About 3.3 million photos are taken every minute, worldwide.
For The Sydney Morning Herald’s photographers, each of those minutes – 1440 in a day – is an opportunity to capture images that define a moment in time. And at the NSW State Library from April 9, you can view the Herald photos that have made their mark, as part of the annual Photos1440 exhibition.
Viktor Baklanov, 3, sits in the basement of a Ukraine hospital, where he is sheltering with his father while his wounded brother Volodymyr is treated in one of the trauma wards. Credit:Kate Geraghty
On the ground in Ukraine, photojournalist Kate Geraghty was able to capture the devastating impact of conflict on civilians.
“You can look into the eyes of the person,” she said, adding that photographs evoke feelings that words can’t.
Through Geraghty’s lens we see 86-year-old Galyna Rasstanna, who cannot walk, lying in bed in her apartment building which was damaged by an airstrike in March.
That same month, three-year-old Viktor Baklanov was pictured playing a game on his tablet in the basement of an emergency hospital in Kharkiv where he is sheltering with his father. He had been driving with his brother and mother when they were shot at; his mother was killed and his brother is in intensive care.

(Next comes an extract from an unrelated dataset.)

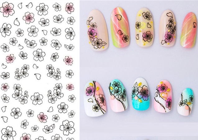 Цветочная тематика в слайдерах самая распространенная. Очень часто встречаются наклейки с пионами, тюльпанами, орхидеями, ромашками, розами. Иногда можно увидеть наклейку на ноготь в виде шевронов с цветами или цельное полотно из мелких цветков. Цветочный принт просто завораживает взгляд, создается впечатление, что ноготки затянуты тканью. Сегодня выбор наклеек с цветами настолько широк, что модницы могут менять себе дизайн ноготков хоть каждый день.

Unable to walk, Galyna Rasstanna, 86, lies in her bed and weeps and begs for the shelling to stop. Credit:Kate Geraghty
“Sometimes we’re not just telling stories but also capturing testimonies of war crimes,” Geraghty said. “These people are enduring the unimaginable.
“Our job is to bring the emotion and show what is happening, to get people to stop to look at and feel even a tiny bit of what people in these images are going through.”